OrdinalEncoder¶
Ordinal encoder.
This transformer maps each feature to integers. It can useful when a feature has string values (i.e. categorical variables).
Parameters¶
-
unknown_value
Type → int | None
Default →
0
The value to use for unknown categories seen during
transform_one
. Unknown categories will be mapped to an integer once they are seen duringlearn_one
. This value can be set toNone
in order to categories toNone
if they've never been seen before. -
none_value
Type → int
Default →
-1
The value to encode
None
with.
Attributes¶
-
categories
A dict of dicts. The outer dict maps each feature to its inner dict. The inner dict maps each category to its code.
Examples¶
from river import preprocessing
X = [
{"country": "France", "place": "Taco Bell"},
{"country": None, "place": None},
{"country": "Sweden", "place": "Burger King"},
{"country": "France", "place": "Burger King"},
{"country": "Russia", "place": "Starbucks"},
{"country": "Russia", "place": "Starbucks"},
{"country": "Sweden", "place": "Taco Bell"},
{"country": None, "place": None},
]
encoder = preprocessing.OrdinalEncoder()
for x in X:
print(encoder.transform_one(x))
encoder = encoder.learn_one(x)
{'country': 0, 'place': 0}
{'country': -1, 'place': -1}
{'country': 0, 'place': 0}
{'country': 1, 'place': 2}
{'country': 0, 'place': 0}
{'country': 3, 'place': 3}
{'country': 2, 'place': 1}
{'country': -1, 'place': -1}
xb1 = pd.DataFrame(X[0:4], index=[0, 1, 2, 3])

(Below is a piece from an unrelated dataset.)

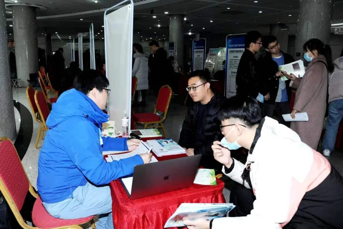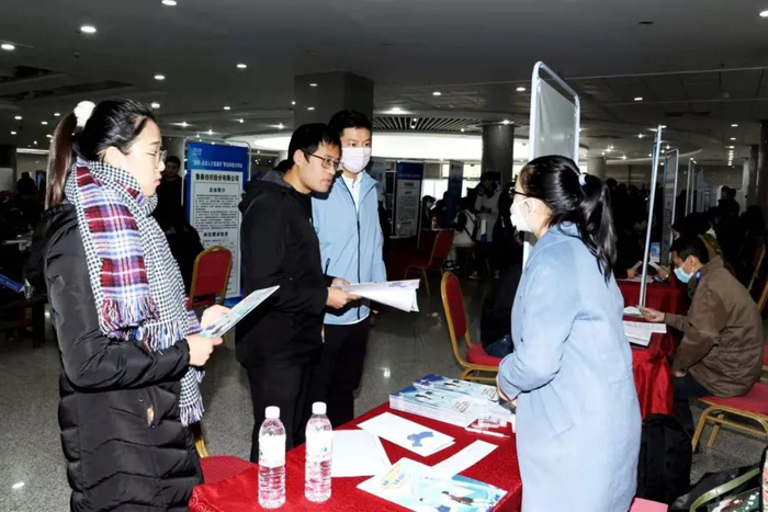 在青岛科技大学崂山校区图书馆内的招聘会现场,山东新华制药股份有限公司、英科医疗科技股份有限公司、东岳集团等54家淄博市企业与学校1000余名师生进行了交流对接。

xb2 = pd.DataFrame(X[4:8], index=[4, 5, 6, 7])
encoder = preprocessing.OrdinalEncoder()
encoder.transform_many(xb1)
country place
0 0 0
1 -1 -1
2 0 0
3 0 0
encoder = encoder.learn_many(xb1)
encoder.transform_many(xb2)
country place
4 0 0
5 0 0
6 2 1
7 -1 -1
Methods¶
learn_many
Update with a mini-batch of features.
A lot of transformers don't actually have to do anything during the learn_many
step because they are stateless. For this reason the default behavior of this function is to do nothing. Transformers that however do something during the learn_many
can override this method.
Parameters
- X — 'pd.DataFrame'
- y — defaults to
None
Returns
Transformer: self
learn_one
Update with a set of features x
.
A lot of transformers don't actually have to do anything during the learn_one
step because they are stateless. For this reason the default behavior of this function is to do nothing. Transformers that however do something during the learn_one
can override this method.
Parameters
- x — 'dict'
Returns
Transformer: self
transform_many
Transform a mini-batch of features.
Parameters
- X — 'pd.DataFrame'
Returns
pd.DataFrame: A new DataFrame.
transform_one
Transform a set of features x
.
Parameters
- x — 'dict'
Returns
dict: The transformed values.